I don't have much to add that hasn't been said. There are alot of proposals out there and we have no details. Generally....

1) Not short much here...just the bit of SRS I picked up at the close. Long GE, and a bunch of gold and oil stocks. No reason to be short here for awhile....if we get something like a shorting ban, you'll see an blast up lasting weeks, in all likelihood folllowed by a crash with no short covering to cushion the blow.
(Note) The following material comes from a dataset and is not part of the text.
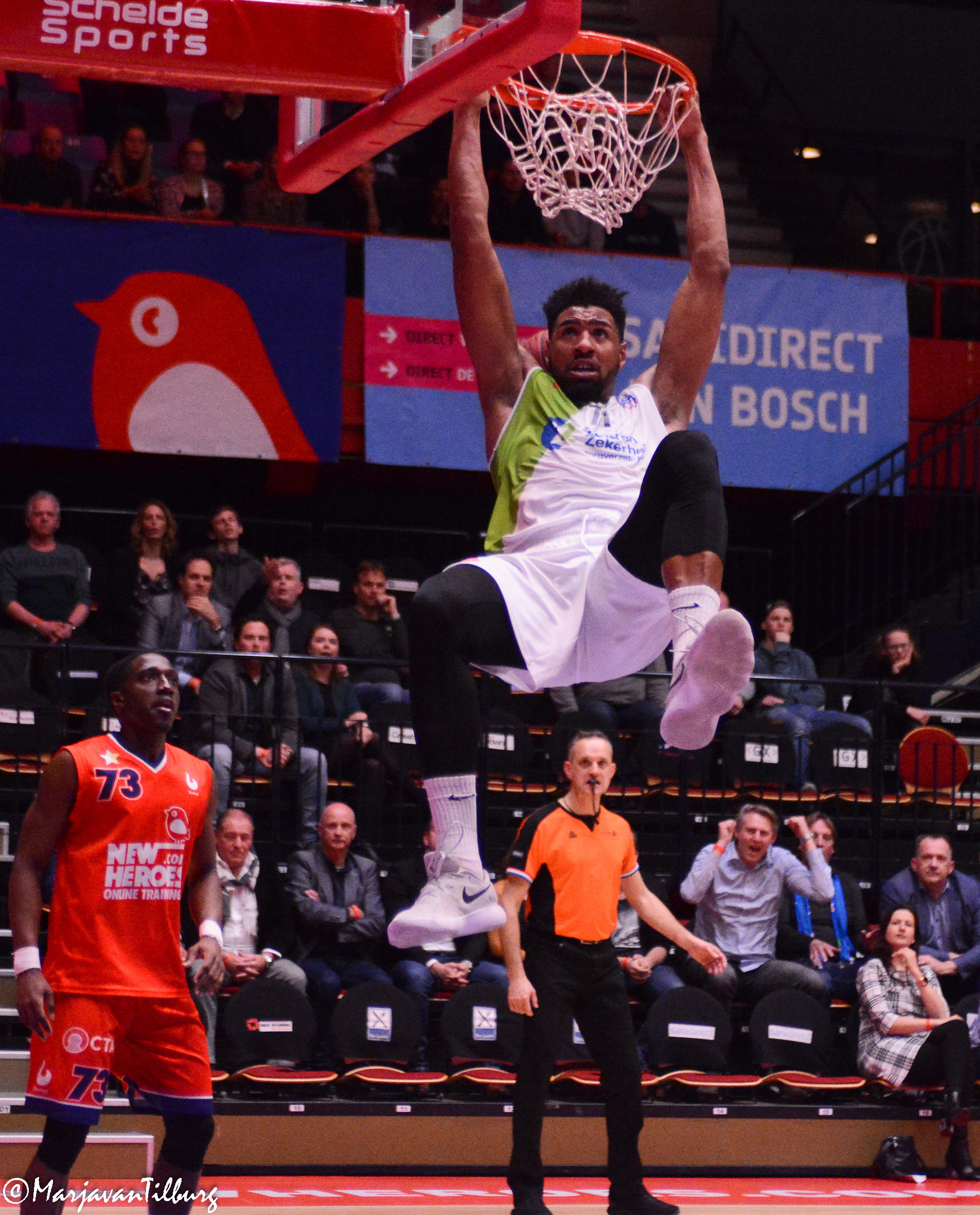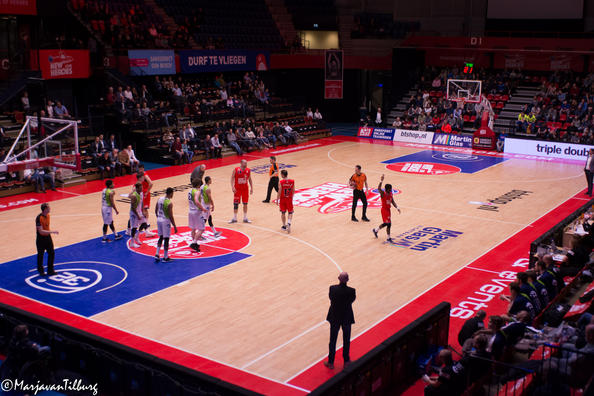 Twaalf was een belangrijk getal, want daarmee was het verschil in onderlinge resultaten totaal gelijk gekomen. Als New Heroes met meer dan twaalf punten verschil zou winnen, dan was de tiebreaker bij gelijk eindigen voor de Bosschenaren. Reden voor Paul Vervaeck om met nog twee minuten te gaan een time-out te nemen. Met succes, want Clayton Vette benutte een vrije worp en Mohamed Kherrazi (goed voor een season-high van 22 punten) dunkte ook nog even flink hard raak voor 83-74. Vervolgens kwam Clayton Vette door met eerst een rake vrije worp en daarna nog een and-1, waardoor het met nog 35 seconden te gaan 83-78 was geworden. Dat Keshun Sherrill er in de laatste aanval nog 86-78 van maakte, was voer voor de statistici, maar had geen gevolgen meer voor de tiebreaker.

2) The RTC "solution" has a lot of unintended problems. First, 2008 is not 1989. The indebtedness and leverage employed by the now-distressed lenders is much, much larger (generally speaking). You'd mark down properties to place them in whatever receivership facility is designed. That mark would be a material event, and require corresponding marks on the part of derivative holders. Not what the banks really want. And although you'd take properties off the market, it STILL doesn't address domino #1: that buyers can't afford houses at current levels with current incomes. So you'd surely stretch out the pain, but how much of an improvement is this? Ask Japan (who also had problems designing a similar solution in that the banks balked at the markdowns they'd be facing).

3) This won't be construed as "dollar-positive" for very long. Moving risk to the taxpayer because the entire financial system could no longer handle it is hardly representative of a healthy economy or currency.

4) The moral hazard meter will absolutely break. This completes the most massive transfer of government funds from taxpayers to plutocrats in the history of mankind. Way to go, Merka!